Thursday, July 03, 2014

Pension reform dealt blow by Illinois Supreme Court

Crain's Chicago Business reports:
In a case with ominous implications for the state's pension reform law, the Illinois Supreme Court ruled today that the state constitution's pension protection clause prevents any diminishment of health care benefits for retired state employees.

The 6-1 decision said the pension protection clause overrode the state's argument that its police powers, applied to dealing with the state's budget crisis, justified a recalculation of what retirees must pay for their health benefits.

“This is a major victory for members of state retirement systems,” said John Fitzgerald, a partner at Chicago law firm Tabet DiVito & Rothstein LLC who represents retired state teachers and school administrators. “I expect it will have a very significant effect on pending litigation” over the state's pension reform law. “It means that the Illinois Supreme Court is giving the pension protection clause the broad and liberal interpretation that the drafters intended.”

The court rejected the state's argument that healthcare benefits are not covered by the pension protection clause, finding that there is nothing in the state constitution to support that.

“If they had intended to protect only core pension annuity benefits and to exclude the various other benefits state employees were and are entitled to receive as a result of membership in the State's pensions systems, the drafters could have so specified. But they did not,” according to the 30-page opinion written by Justice Charles Freeman. “We may not rewrite the pension protection clause to include restrictions and limitations that the drafters did not express and the citizens of Illinois did not approve."

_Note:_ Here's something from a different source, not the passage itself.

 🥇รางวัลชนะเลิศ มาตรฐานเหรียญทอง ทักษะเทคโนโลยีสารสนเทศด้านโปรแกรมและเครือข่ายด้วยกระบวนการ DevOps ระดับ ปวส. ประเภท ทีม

The decision comes while the state is defending against challenges to an overhaul of pensions for state workers and school teachers outside of Chicago.
Higher taxes or insolvency for Illinois taxpayers? It maybe that reforms can't legally happen in Illinois without being in a federal bankruptcy court. Check out Justice Anne Burke's dissent:
To reach its result, the majority must read into the pension protection clause language that is not there. Nowhere in the clause does it state that every benefit which “results from,” is “conditioned on,” “flows directly from” or “is attendant to” being a member of a pension system is provided constitutional protection. These phrases, which form the crux of the majority’s opinion, are simply crafted out of whole cloth. It is fundamental that the judiciary may not add language to a constitutional provision that was not approved by the voters of this state. To do so is to usurp the sovereign power of the people. The majority’s addition of language to the clause is error.

Moreover, by adding language to the pension protection clause, the majority fundamentally changes its meaning. The clause no longer protects the statutory benefits provided by a pension or retirement system. Instead, it provides constitutional protection to any statutory benefit—however unrelated to pensions—if the recipient of the benefit is a member of a pension system. And the majority provides no limit to this holding. Should the city of Springfield enact an ordinance which states that the members of the municipal pension system will receive an honorary plaque upon retirement, that benefit would “flow from” or be “conditioned on” membership in the system. The plaque, under the majority’s reasoning, would be a constitutionally protected contractual right that could not be diminished or impaired. I do not think this is what the drafters of the pension protection clause intended.

Unsurprisingly, nothing in the constitutional debate regarding the pension protection clause supports the majority’s reading of the provision. As the majority candidly acknowledges, the constitutional debate contains no references to health insurance premiums or other non-pension benefits for retirees. To the contrary, the unambiguous statements of the sponsoring delegates reflect that it was designed to protect a public retiree’s right to collect post retirement income in the form of an annuity and to ensure that the terms under which an employee acquired that right could not be altered to his or her detriment. […]

In sum, neither the plain language of the pension protection clause, the constitutional debate, our own case law, or case law from other jurisdictions supports the majority’s position. The pension protection clause protects pensions, not subsidized health care premiums.
This may mean Chicago is going to declare bankruptcy sooner than many people think.